OPENAI_COMPAT_API={auto,chat,responses}   # default: auto

auto picks Responses when OPENAI_COMPAT_BASE_URL points at an *.openai.com host, and Chat Completions everywhere else. Operators can pin the choice explicitly for providers that diverge from the default (e.g. a Responses-compatible self-hosted gateway, or a *.openai.com host that for some reason needs the legacy endpoint).

Implementation

config.rs

  • New OpenAiApi enum (ChatCompletions / Responses) on Config.
  • parse_openai_api_env() parses OPENAI_COMPAT_API; auto_openai_api() picks per base_url.
  • Zero-dep host extractor with a lookalike-safety test (api.openai.com.evil.example → Chat Completions, not Responses).

llm.rs

  • Provider::OpenAi now dispatches on cfg.openai_api for both complete() and summarize().
  • New responses_body + parse_responses (with responses_image_user_content, responses_stop helpers) handle the Responses wire shape:
    • Flat tool schema ({type, name, description, parameters} — no nested function: {…}).
    • input[] of typed items: typed user/assistant messages, function_call, function_call_output.
    • max_output_tokens (not max_tokens / max_completion_tokens).
    • Serializer emits each prior assistant function_call before its matching function_call_output — the API rejects with "No tool call found for call_id ..." otherwise (caught in live testing).
    • Parser walks output[], collects message content as text and function_call items as ToolCall.
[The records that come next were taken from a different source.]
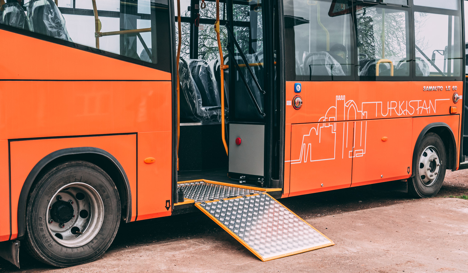 SAZ LE60 автобуси 56 йўловчи (25 та ўриндиқ) га мўлжалланган. Туркистонда линияга чиққан автобуслар пандуслар, йўл ҳақи тўлашнинг электрон тизимлари, кондиционерлар, видеокузатув камералари ва йўловчиларга аудиоахборот етказиш тизимлари билан жиҳозланган.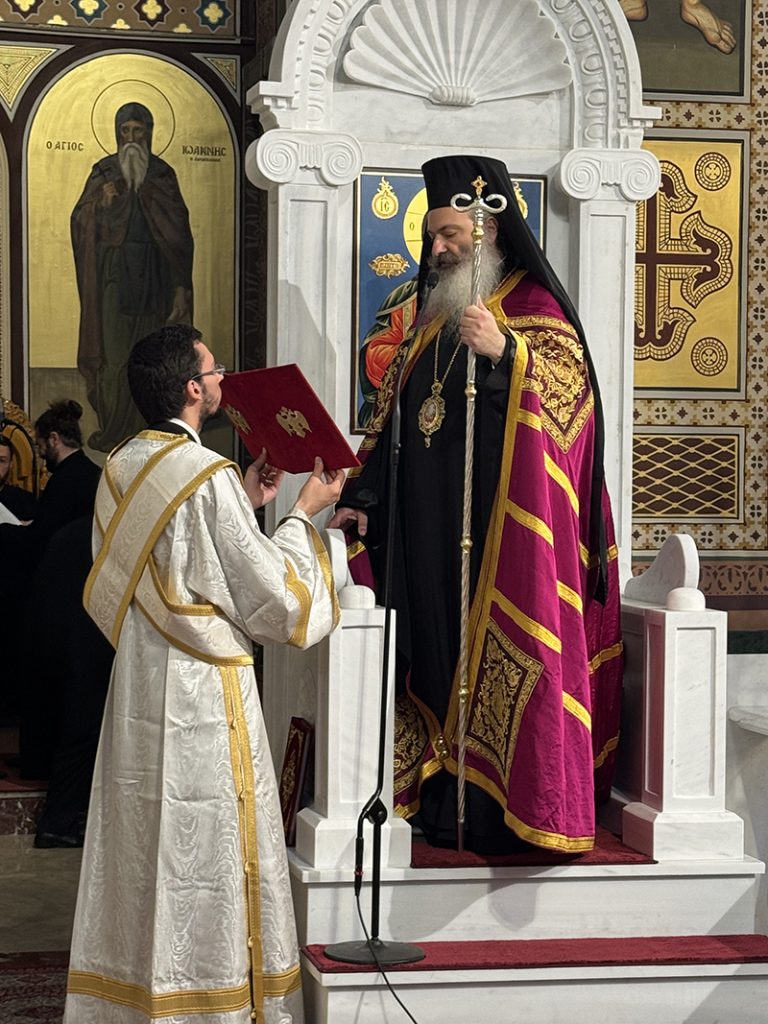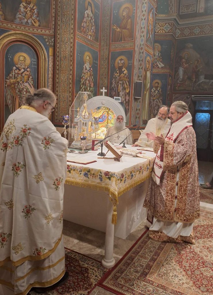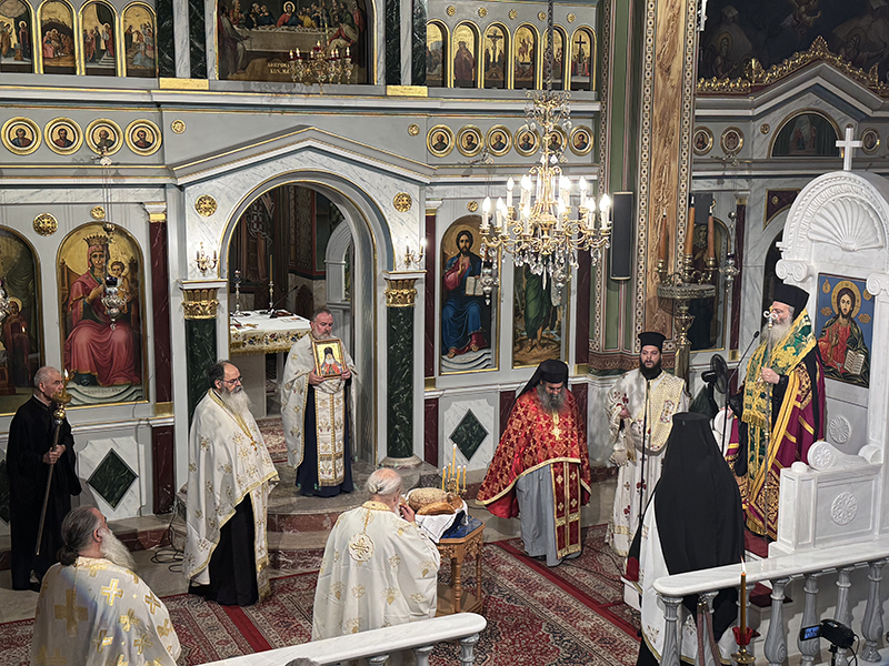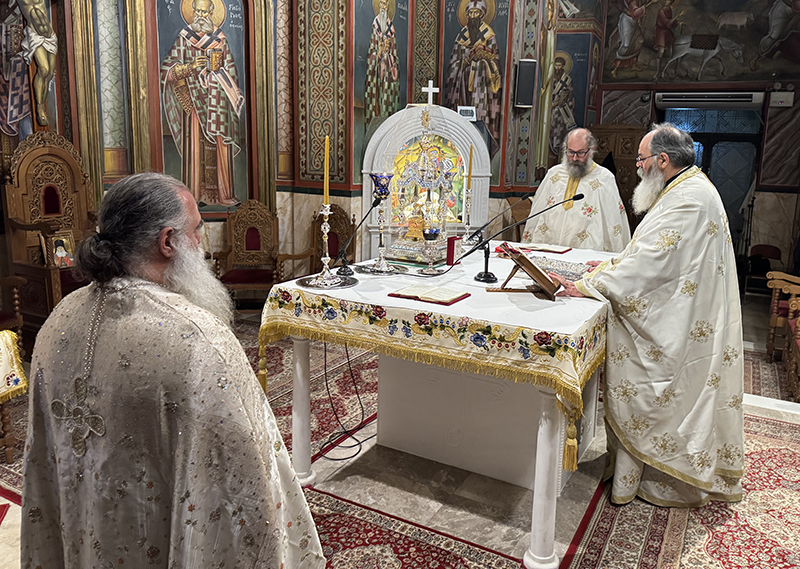 Στη συνέχεια ακολούθησε ιερά Αγρυπνία ιερουργούντος του Σεβασμιωτάτου Μητροπολίτου Σιγκαπούρης και Νοτίου Ασίας κ. Κωνσταντίνου, κατά την διάρκεια της οποίας εψάλησαν οι Χαιρετισμοί του Αγίου.
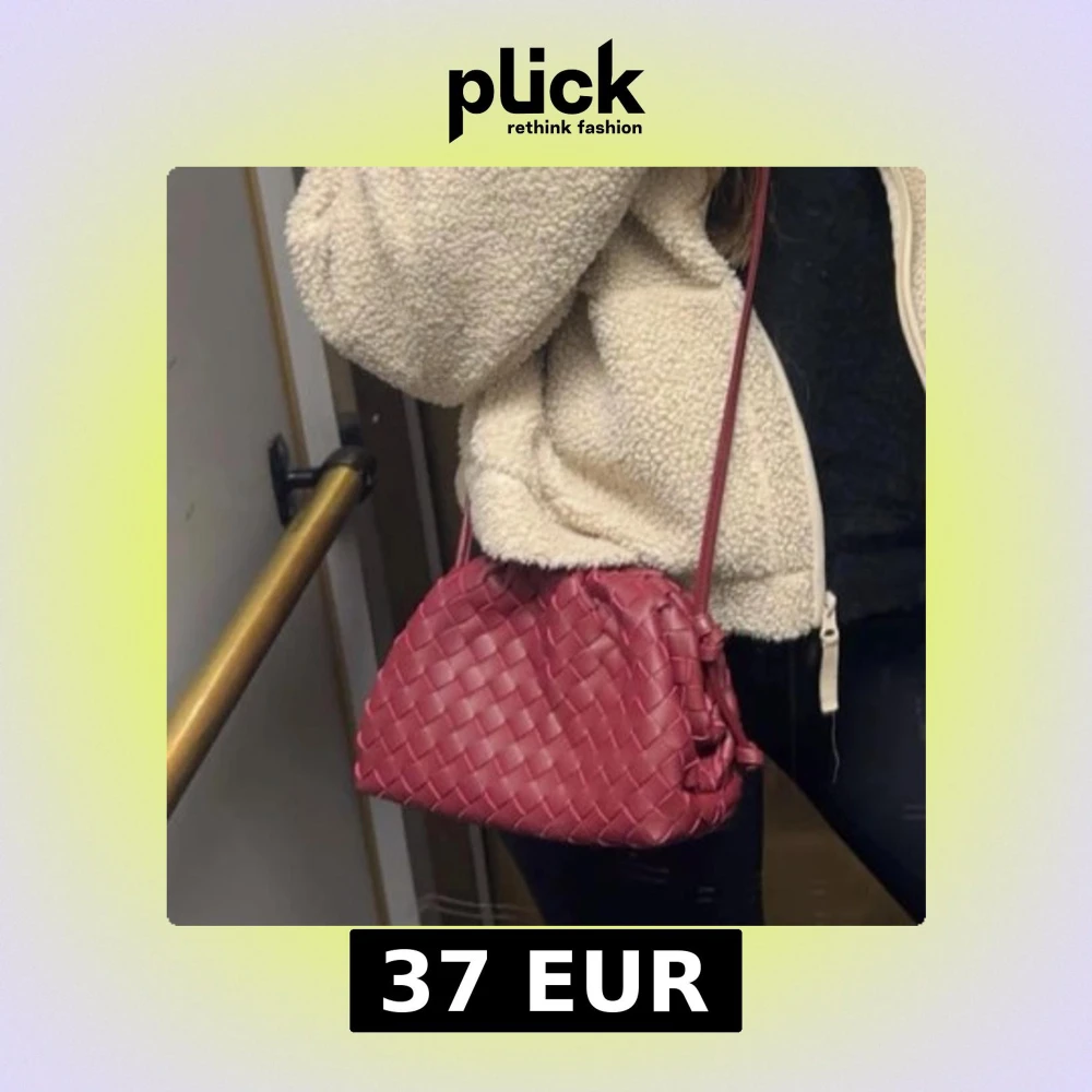 Snygg vinröd axelväska i flätat skinn. Perfekt för att ge en färgklick till din outfit. Väskan har en stilren design. Bottega venetta liknande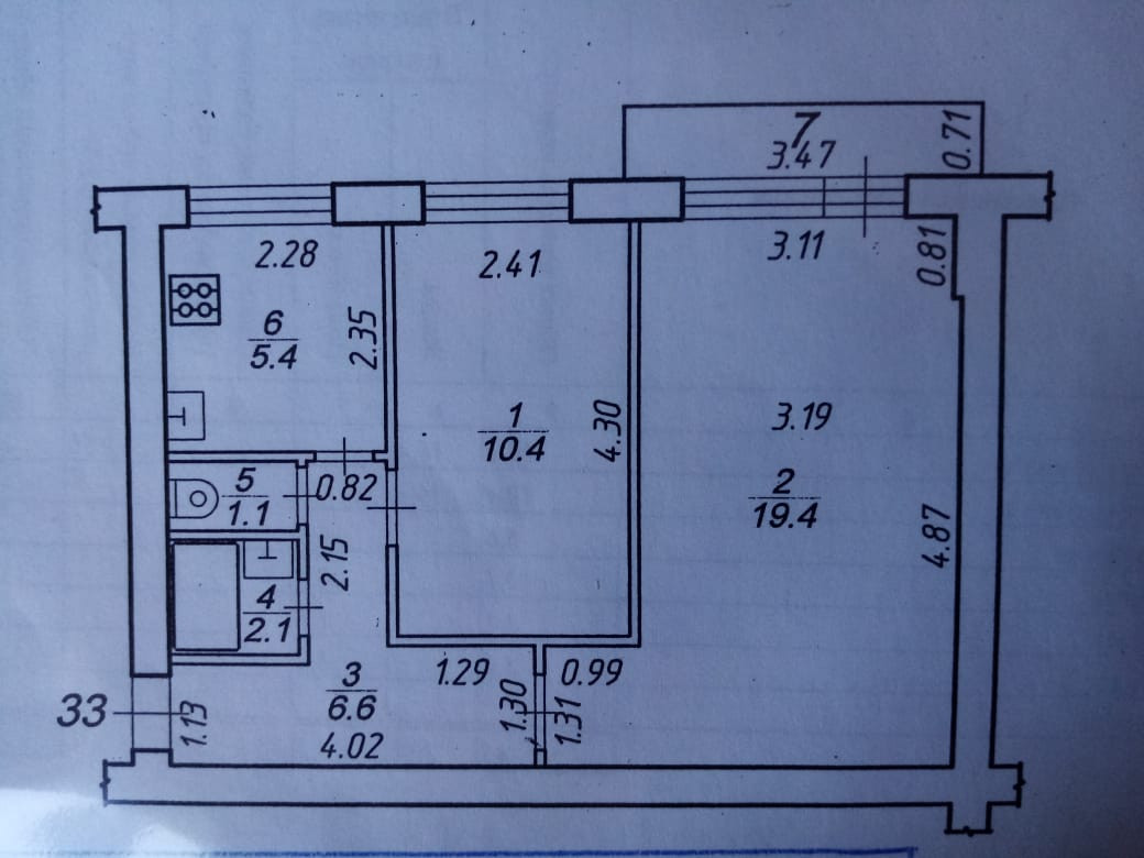 Балкон, лоджия 1 балкон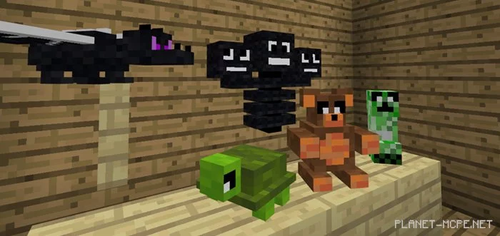 Мод «SG Plushies (Плюшевые игрушки)» заменяет некоторые черепа и головы в Minecraft PE различными видами плюшевых предметов. В настоящее время существует пять различных плюшевых игрушек, но в будущем их можно будет добавить больше. Всех их Вы, на самом деле, можете получить на SkyGames Fan Realms. Они предназначены для использования в качестве украшений, но Вы также можете носить их как шлемы в MCPE.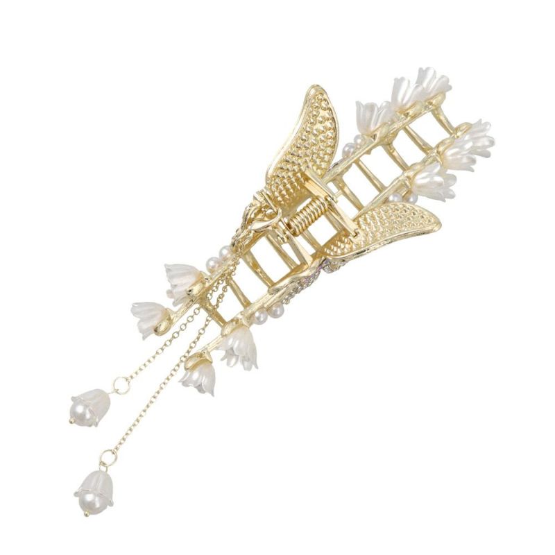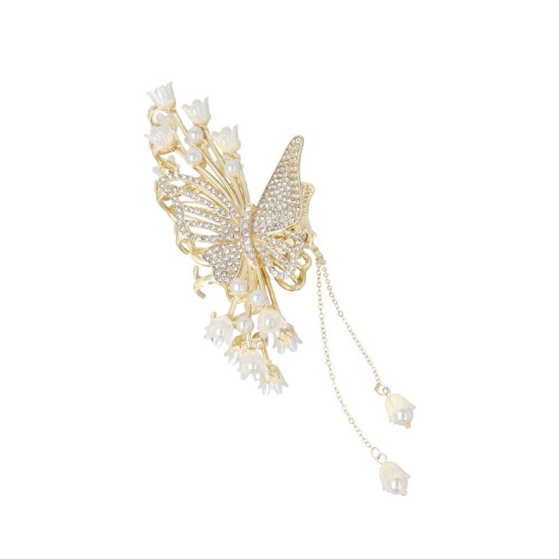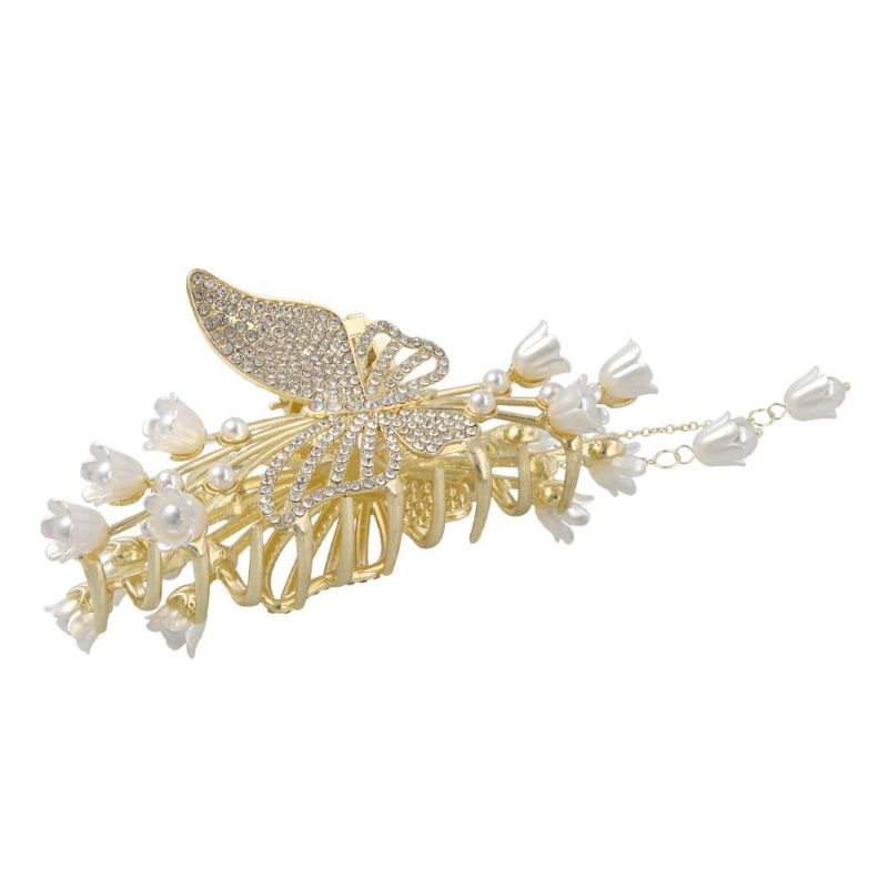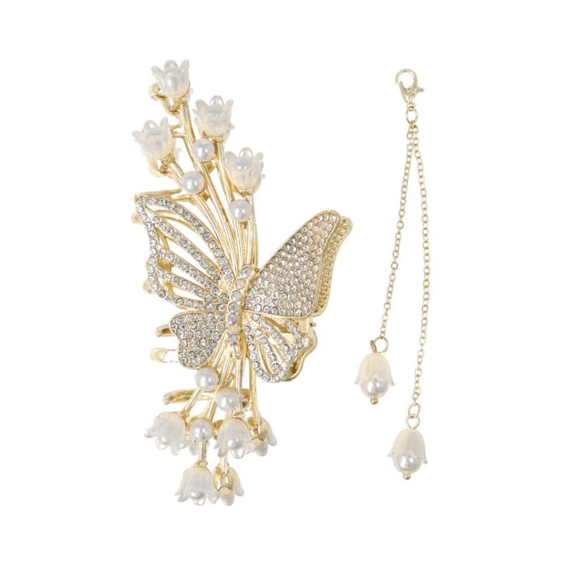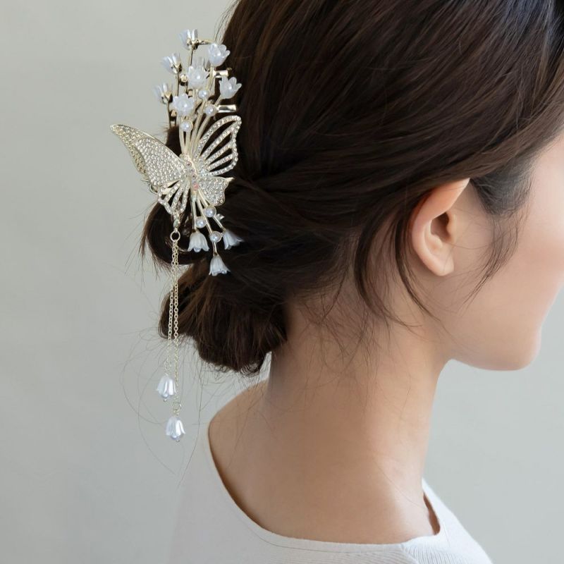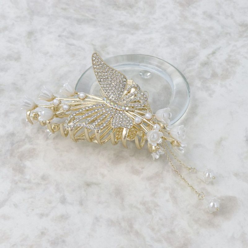 ヘアクリップ 蝶 バタフライ フラワー ストーン パール チャーム付き メタル バンスクリップ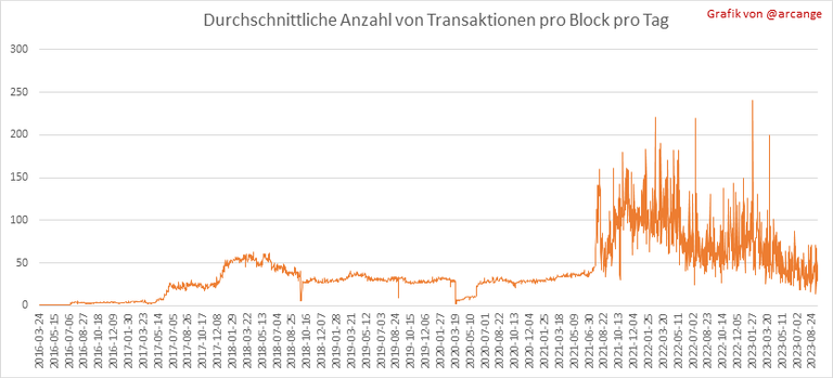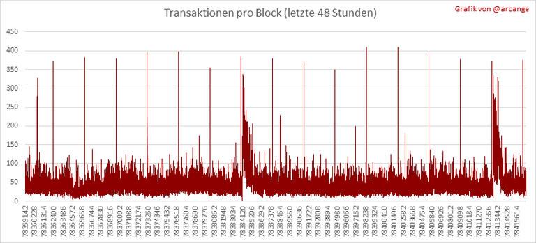 Diese Grafiken zeigen die Anzahl der Transaktionen pro Tag, die höchste Anzahl an Transaktionen pro Block, die durchschnittliche Anzahl an Transaktionen pro Block und die Anzahl der Transaktionen pro Block in den letzten 48 Stunden. Hier bekommt man eine Vorstellung von der gesamten Aktivität auf der Blockchain.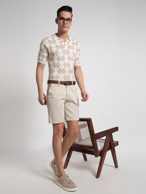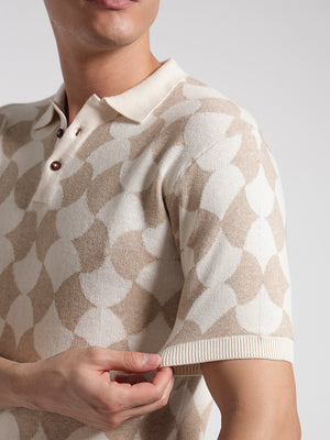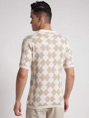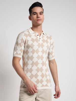 Rarebond Mozaic Beige Half sleeve Comfort fit Knitted Polo t shirt

Skips reasoning items (stateless across turns; carrying them requires the encrypted-passthrough flow we don't need).
    • Stop mapping: incomplete + reason=max_output_tokens → MaxTokens; completed with function_callToolUse; completed otherwise → EndTurn.

README.md

  • Provider table updated to show per-provider endpoint under auto.
  • New env documented.

Tests

11 new unit tests (in llm.rs::tests and config.rs::tests), all passing:

  • responses_body_top_level_shapeinstructions/max_output_tokens/input; tools are flat; no stray messages/max_tokens/max_completion_tokens fields
  • responses_body_replay_emits_function_call_before_output — pins the replay-ordering invariant
  • responses_body_skips_empty_assistant_text — mirrors #559/#560 behavior; tool_calls still serialized
  • responses_body_image_tool_result_attaches_input_image — image attachment via trailing input_image user message
  • parse_responses_completed_with_text_is_end_turn
  • parse_responses_completed_with_function_call_is_tool_use — also verifies reasoning items are skipped
  • parse_responses_incomplete_max_output_tokens
  • parse_responses_rejects_malformed_function_arguments
  • auto_openai_api_picks_responses_for_official_openai
  • auto_openai_api_picks_chat_for_third_parties — vLLM/Ollama/OpenRouter/Block Gateway/self-hosted vLLM/malformed input
  • auto_openai_api_does_not_match_lookalike_hosts

Full suite: 58 pass, 0 fail. cargo fmt --all -- --check clean. cargo clippy -p sprout-agent --all-targets -- -D warnings clean.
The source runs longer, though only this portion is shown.